Quale applicazione utilizzate per controllare il meteo? Se si chiama “Weather Forecast – World Accurate Radar”, sappiate che sta rubando i vostri dati personali per immagazzinarli in server cinesi. E che, fino a poco tempo fa, poteva iscrivervi a vostra insaputa a servizi a pagamento, il cui costo erodeva il vostro credito telefonico o finiva in bolletta.
Lo ha scoperto Upstream Systems, società specializzata in soluzioni di sicurezza per gli operatori mobili, con una piattaforma in grado di rilevare e bloccare le transazioni fraudolente, analizzando ogni giorno 16 milioni di operazioni in 12 Paesi
La App, scaricata da 10 milioni di persone nel mondo attraverso lo store di Google (non è disponibile su quello di Apple), è stata creata da TCL Communication Technology Holding Ltd. Il nome dice poco al grande pubblico ma che appartiene in realtà a un colosso del settore: la società, con sede a Shenzen, è infatti il produttore dei telefoni che vengono poi marchiati come Alcatel e BlackBerry. Proprio nei modelli più vecchi di smartphone Alcatel, particolarmente diffusi nei Paesi emergenti dove difficilmente si possono spendere grandi cifre per un cellulare, la App, oltre a sottrarre dati personali, agiva in background con intento fraudolento. In sostanza, il software scaricava pagine Internet e cliccava sui banner per iscrivere gli utenti a servizi a pagamento, oltre a cliccare su banner pubblicitari comuni per aumentare il traffico delle pubblicità che veicolano. Un’operazione che consuma quotidianamente credito e traffico, non poco: “Almeno 250 MB al giorno, pari a 7,5 Giga al mese”, spiega Guy Krief, chief executive officer di Upstream Systems, che ha rivelato la frode.
Dopo la denuncia della società, condivisa con il Wall Street Journal, è stata bloccata l’attività fraudolenta sul download delle pagine, ma la App continua a immagazzinare sui server cinesi dati quali email, numero identificativo del telefono (IMEI) e posizione dell’utente, che vengono poi rivenduti agli inserzionisti pubblicitari.
Il caso della App del meteo non è affatto isolato. “Secondo i nostri dati, in un mercato come l’Italia il 7% dei cellulari ha installato un qualche tipo di malware, cioè un codice maligno. Nella maggior parte dei casi il malware è incorporato in una App scaricata da uno store perfettamente legale: oltre a fare la propria funzione, però, il software mette in atto azioni di cui l’utente è ignaro”, spiega ancora Krief.

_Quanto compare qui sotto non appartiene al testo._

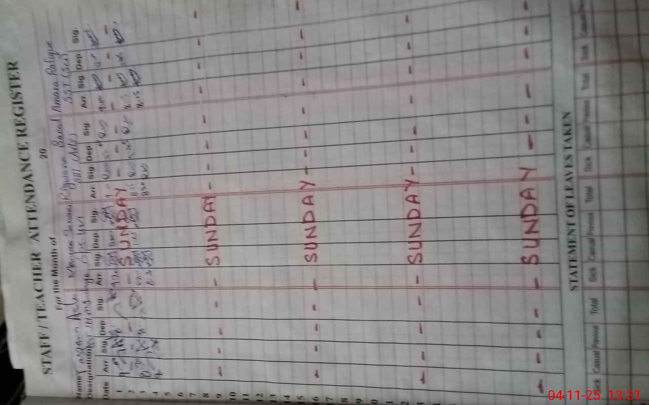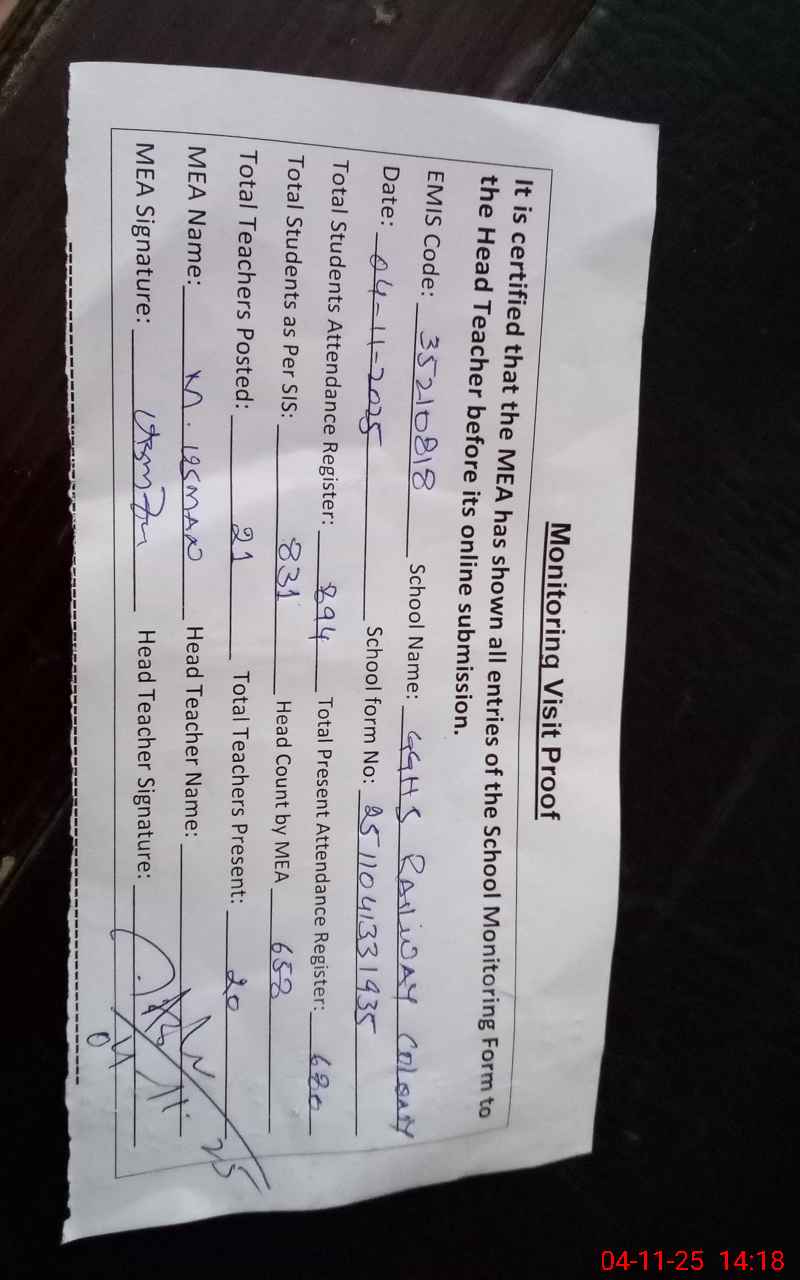 | Remarks (Use Separate Page if Required): 01 wash room is nonfunctional due to blocked NSB and FTF registers not complete for the month of October 2025 Students present strength in Roznamcha is 680 where as 658 after head counting Total students written in students attendance register are 894 Where as on SIS students strength is 831 White wash is required in school Maintenance work is required in school Furniture is required for 05 teachers and 50 students | |||||

Le applicazioni più a rischio sono quelle contenute sullo store di Google: Apple, infatti, ne verifica il funzionamento prima di consentirne la pubblicazione sulla propria vetrina. Su Google Play, invece, chiunque può decidere di caricare la propria App, che verrà poi resa inaccessibile in caso di segnalazioni.
La diffusione del malware e la facilità nel rubare dati privati aiuta anche a spiegare perché l’allerta sul cybercrime sia globalmente così alta, e non solo nei casi macroscopici come il braccio di ferro tra Washington e Pechino sul colosso delle tlc Huawei, considerato dagli statunitensi una minaccia alla sicurezza nazionale: che reti e dispositivi possano eseguire operazioni di spionaggio è, almeno a livello tecnico e teorico, assolutamente plausibile.
Il furto dei dati, al momento, è strettamente legato alla pubblicità. Gli investimenti in digitale nel 2017 hanno per la prima volta superato quelli del mercato televisivo: 209 contro 178 miliardi di dollari. La possibilità del digitale è poter garantire agli investitori la certezza di profilare al massimo i consumatori che cliccheranno sugli annunci: raccogliere dati, come insegna la crescita di Facebook, Amazon e Google, è dunque fondamentale. “Anche se oggi è impossibile predire come potranno essere utilizzati in futuro: non è detto che ci si limiterà alla pubblicità”, conclude il ceo di Upstream Systems, la cui piattaforma di sicurezza presto potrà essere disponibile anche in Italia: sono in corso manovre di avvicinamento a un grosso operatore.
D’altronde, non solo i privati ma anche le aziende sono particolarmente sensibili ai rischi del cybercrime. Stando al report di Accenture presentato a Davos “Securing the Digital Economy: Reinventing the Internet for Trust”, che indaga le complessità legate a Internet che le aziende si trovano ad affrontare, i reati digitali potrebbero costare alle imprese fino a 5.200 miliardi di dollari nei prossimi cinque anni.
Una cifra tale da richiedere uno sforzo comune e condiviso per cercare rimedi.